Furthermore, even the so-called pure sciences would be badly affected by this reasoning. Indeed, as shown by many institutionalist, pragmatist and psychoanalytic contributions, much of what we call "pure science" is interpreted through the experiences, feelings and perceptions of those dealing with it.

In this sense, we believe that psychoanalysis — as well as social sciences, philosophy and literature — is no less scientific than "pure sciences", the only difference being that it deals with issues that require a different scientific approach and which cannot be simplified to fit a classical laboratory experiment. In this regard, we do not agree with those who consider psychoanalysis, especially in the practical work of psychoanalysts, as an "intuitive art" well distinguished from science. Certainly, psychoanalysts work with the inner nature and conflicts of the individual, and their main goal is to help the person overcome such conflicts and, thus, bring out his or her true personality; and this task is achieved by applying a scientific method that is tested and revised as psychoanalytic experiences progress. In this process, the "inner artistic intuition" of the psychoanalyst in understanding his or her patient’s problems constitutes a paramount factor, which, however, is not separate from scientific investigation, but, rather, is reinforced and refined by the parallel increase of his or her scientific knowledge and experience. Furthermore, the significant connections existing between art and science should not be overlooked.

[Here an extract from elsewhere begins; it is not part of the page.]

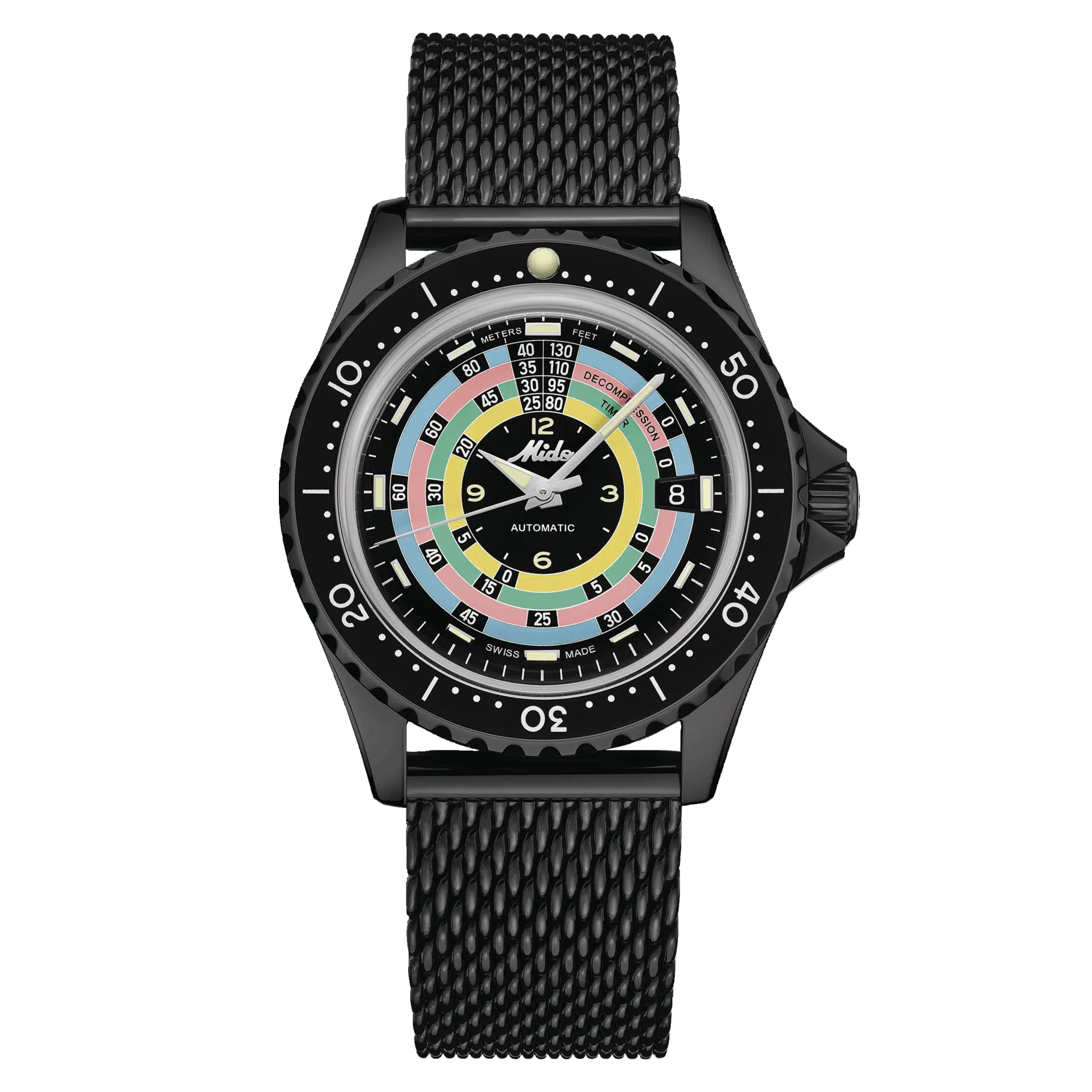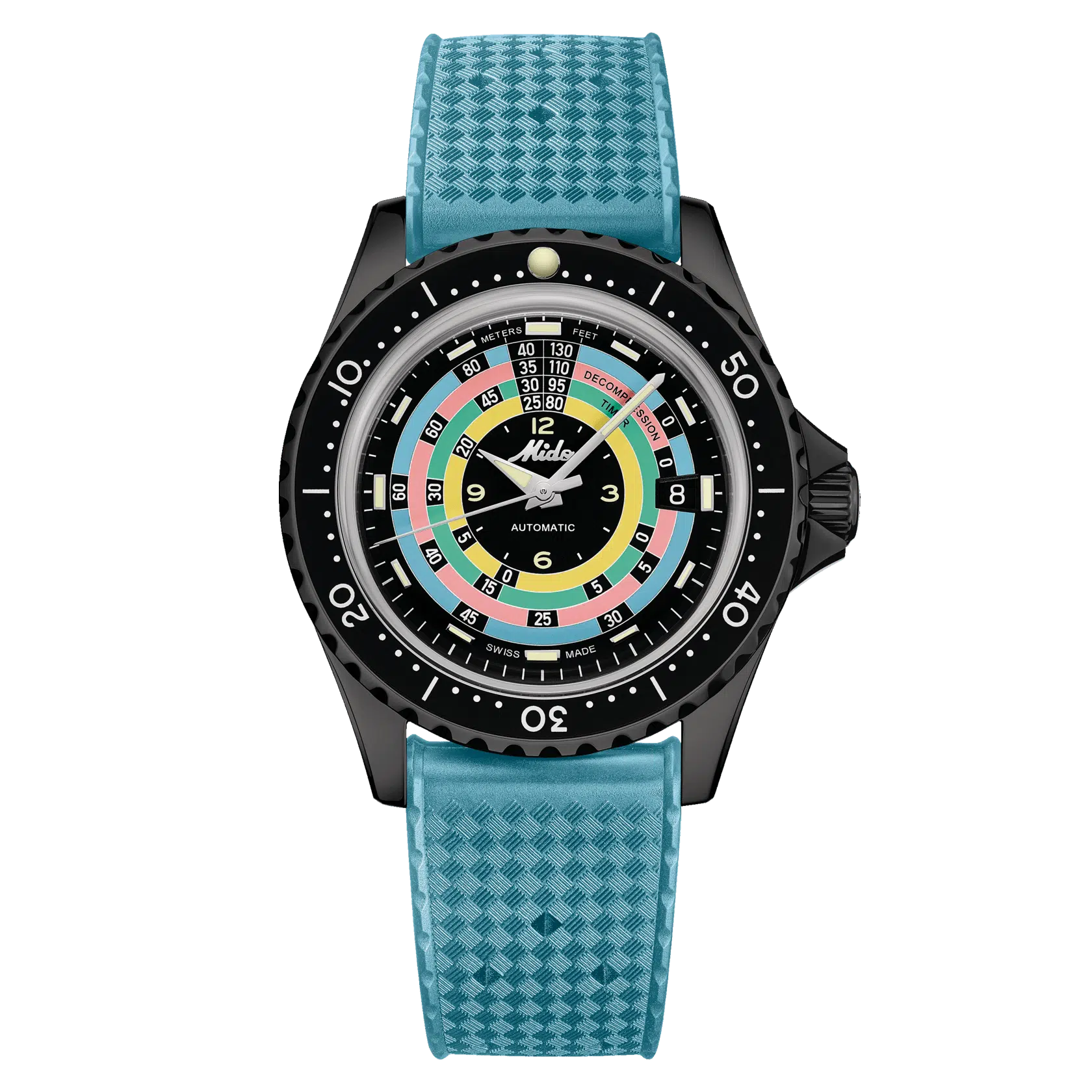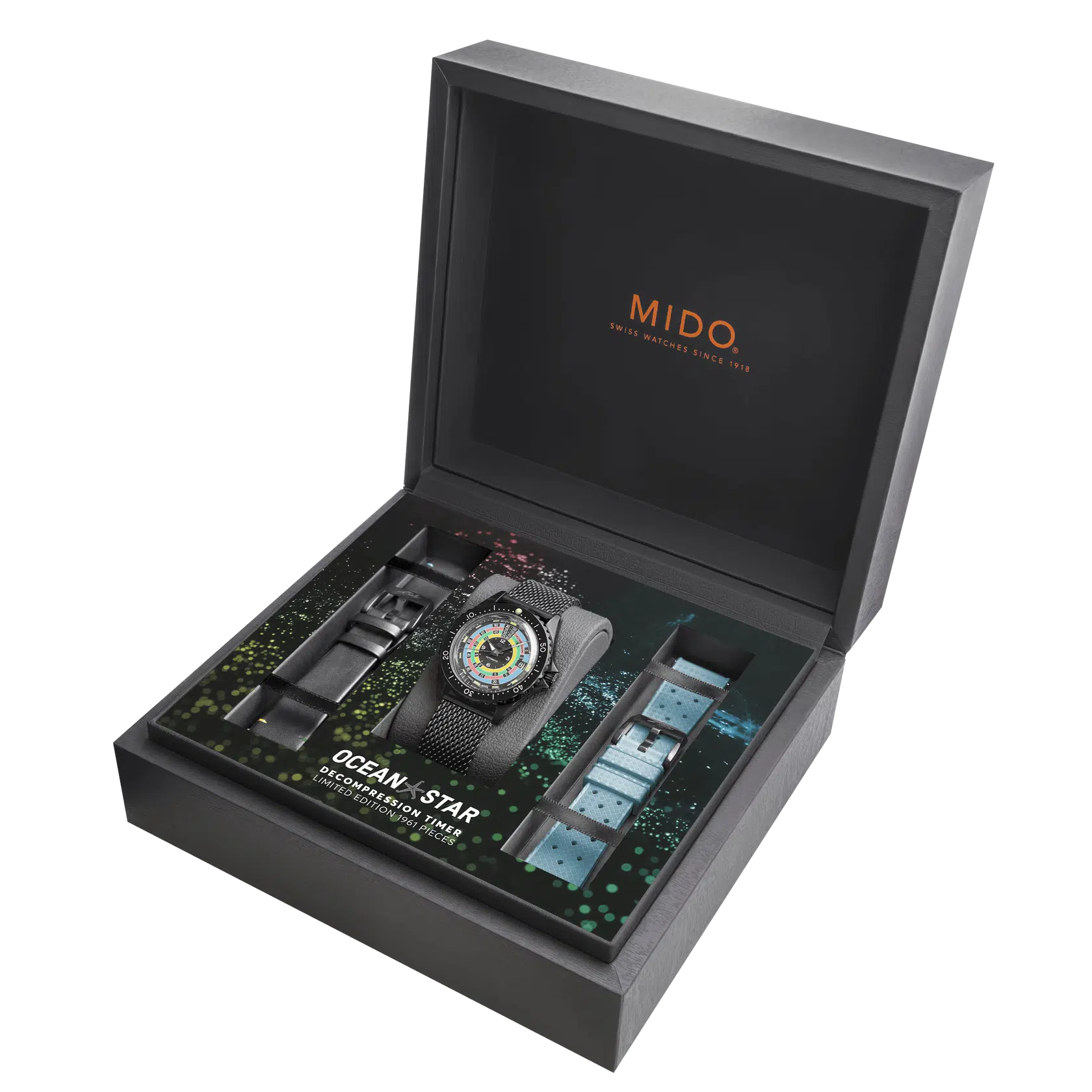 MIDO rende omaggio alla collezione Ocean Star. Ispirandosi al passato, l’Ocean Star Tribute reinterpreta i codici estetici dei modelli da immersione degli anni Sessanta del Novecento e ne riprende tutti i segni particolari: è dotato di un movimento automatico Calibro 80 fino a 80 ore di riserva di carica, impermeabile fino a una pressione di 20 bar (200 metri), e il suo bracciale esclusivo conferisce all’orologio un confort assoluto.
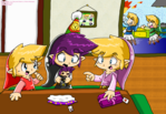 Here, Shadow's got a little plushie of himself from Red X3 And Blue has burned the cake in the kitchen!

The above discussion highlights the fact that psychoanalysis faces many of the typical problems of the social sciences. Of course, this is not to say that all criticism is groundless and that, as a consequence, psychoanalysis represents the world of soundness, perfection and truth.

In particular, we believe well founded the claim that psychoanalysis, in its main developments, has not sufficiently considered the contributions of other disciplines for a deeper understanding of the complex interaction between the individual and society.